Native WebGPU support for Matrix Multiply is limited to small matrices, which aren’t useful for modern Deep Learning workloads when your matrices can be large6.

A quick few notes on notation.

Matrix Multiply

First, a matrix multiply is defined by three matrices: A, B, C.

The total FLOPs required of a matrix multiply are 2 * M * K * N as each operation requires both a multiply and an add (hence the 2).

Lower Bounding Our Kernel

Following the example from Simon Boehm's great article, we have two 4092x4092 matrices followed by the addition of a 4092x4092 matrix. Similarly, we have

Total FLOPS: 137GFLOPs
Total data to read: 201MB
Total data to store: 67MB

However, I am developing on a Mac M2 Pro which has ~6 TFLOP/s of arithmetic intensity and 200GB/s of memory bandwidth.

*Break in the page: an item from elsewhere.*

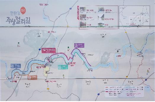 한탄강 주상절리길은 한탄강을 중심으로 남북으로 걸으며 때로는 하늘다리를 건너고 출렁다리는 건너며 작은 재를 넘는 한탄강 둘레길로서 4개 코스로 되어있고, 비둘기안 순환코스가 추가로 연결되어 있다.

So, the fastest the compute kernel can take is

(137GFLOP) / (6TFLOPS/s) = 22ms

and memory access takes

(267MB) / (200GB/s) = 1.34ms

so we should be compute bound (by ~16x too!).

Writing the Kernel

Kernel 1: Naive Kernel

The simplest way to compute a dot product between matrix A and B and write to matrix C is for each row in A (of shape M), iterate over the columns of A (of shape K) and multiply by the corresponding value of B. In Python, this looks like

def matmul(a, b, c):
    """
    Perform naive matrix multiplication: C = A * B
    
    :param a: Input matrix A of shape (m, k)
    :param b: Input matrix B of shape (k, n)
    :param c: Output matrix C of shape (m, n) to store the result
    """
    m = len(a)
    k = len(a[0])
    n = len(b[0])
    
    # Perform the matrix multiplication
    for i in range(m):
        for j in range(n):
            c[i][j] = 0
            for l in range(k):
                c[i][j] += a[i][l] * b[l][j]

Similar to the Python code above, we define7 our inputs8

struct Dimensions {
  M: u32,
  K: u32,
  N: u32,
}

@group(0) @binding(0) var dimensions: Dimensions;
@group(0) @binding(1) var a: array;
@group(0) @binding(2) var b: array;
@group(0) @binding(3) var result: array;

and our compute kernel:

@compute @workgroup_size(1)
fn main(@builtin(global_invocation_id) global_id: vec3) {
  let index = global_id.x;
  let row = index / dimensions.N;
  let col = index % dimensions.N;

  if (index < dimensions.M * dimensions.N) {
    var sum = 0.0;
    for (var i: u32 = 0u; i < dimensions.K; i = i + 1u) {
      sum = sum + a[row * dimensions.K + i] * b[i * dimensions.N + col];
    }
    result[row * dimensions.N + col] = sum;
  }
}

The code is functionally equivalent to the Python code above! We define how big our workGroup size is with workgroup_size(1) (remember this is represented in 3D).

So, each workGroup, since it’s only one thread, processes one result[i, j].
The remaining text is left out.